Sunday, January 16, 2005

Layman movie review: EPISODE III RETURN OF THE SITH


Ug. I just knew it. I attended an exclusive preview screening of the upcoming Star Warts prequel and it was every bit as half-assed and idoticallly knuckle-headed as I thought it would be.

In honor of this movie, I'm going to start a new feature in this blog, titled:
Layman expose: REASONS WHY GEORGE LUC-ASS IS A BIG FAT IDIOT, Part One (of Infinity)

Ok, so... at the end of the Return of the Sith, Natalie Portman's character, Paddle-Me Armadillo, dies in childbirth, while giving birth to Luke and Leiar. Hello? Your frickin' galaxy has swords made of lasers, machines that resist gravity, and giant ships big enough to destroy planets. And yet, you can't master childbirth. How idiotically convinient for Episode III's lamebrained story purposes.

Plus, it's not like the character's death-during-childbirth comes as a surprise. Manakin has dreams about it the entire damn movie, and yet nobody takes any precautions. Ug. Double Ug. Anyway, another stupid Star Warts movie down the tubes. At least the misery is over.

And I'm not even gonna get started on the Threepio stuff.

5 comments:

Christian said...

I hope you're joking, because...not to be a continuity maven, but Leia specifically recalls, for luke's benefit, what their mother was like in Return of the Jedi. So, to have her die in childbirth can only mean one thing: Return of the Jedi: Specialer Edition, coming soon to a DVD rack near you.

.rich

Brian Perez said...

If I can jump between the cannon-shots here for a second, I'd just like to say that Mr. Lucas is an A-1 Class media whore on a scale surpassed only by Mr. Barnum during the turn of the other century. Lucas lost the 'eye of the tiger.' After Empire Strikes Back, every movie has sucked harder than a black hole in Cygnus. You may now carry on with your exercises...

Anonymous said...

It's favorite thing in the world when people loudly declare that they're leaving some online discussion behind. I mean, did you expect farewells? Fanfare? Sobbing? Oh, or how about the rending of our garments?
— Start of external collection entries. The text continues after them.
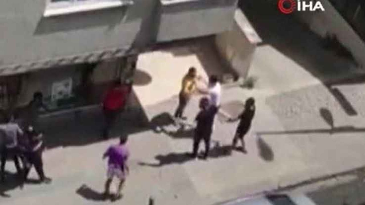Küçükçekmece'de husumetli iki yabancı uyruklu grup birbirine girdi. Tekme ve yumrukların havada uçuştuğu kavga anı bir vatandaşın cep telefonu kamerasına yansıdı.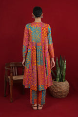 Printed flared shirt with gather details, adorned with tassel details. Paired with straight fit pants.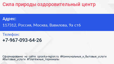 Сила природы, оздоровительный центр по адресу 117312, Россия, Москва, Вавилова, 9а ст6 в дальнейшем Организация, размещена в следующих категориях: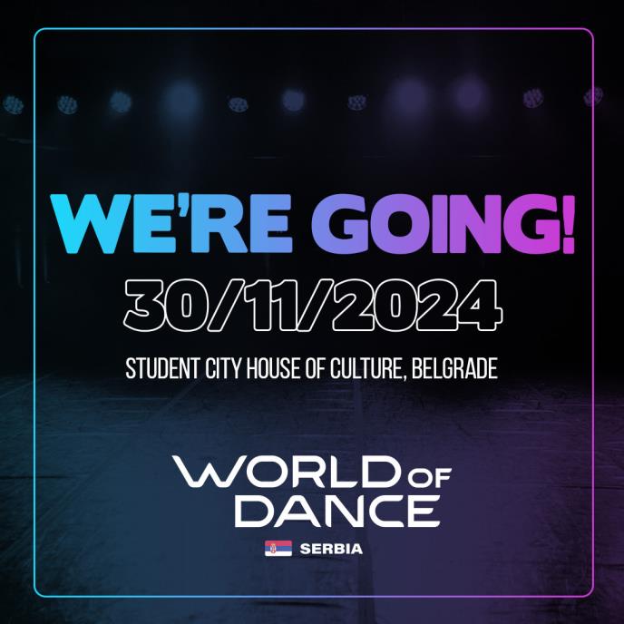 Sa velikim zadovoljstvom Vas obaveštavamo da jedno od najprestižnijih svetskih takmičenja, World of Dance, po drugi put dolazi u Srbiju! Ovaj izvanredni događaj, organizovan uz podršku Asocijacije modernih igrača i koreografa, biće održan 30. novembra u Domu kulture “Studentski grad”. Takmičenje će ugostiti strane sudije, kao i specijalnog predstavnika čuvene svetske plesne trupe Royal Family.

John, your weblog rocks, if for no other reason than you've already managed to attract more blog drama queens than mine, and I seethe with jealousy.

SEEEEEEETHE!!!!

.rich

Anonymous said...

Tomb, you pretentious little prick...

Anonymous said...

Man, you guys have way to much time on your hands. Get a job or something. or maybe try to make your own movie and see what people say about it before you go draging others efferts through the mud.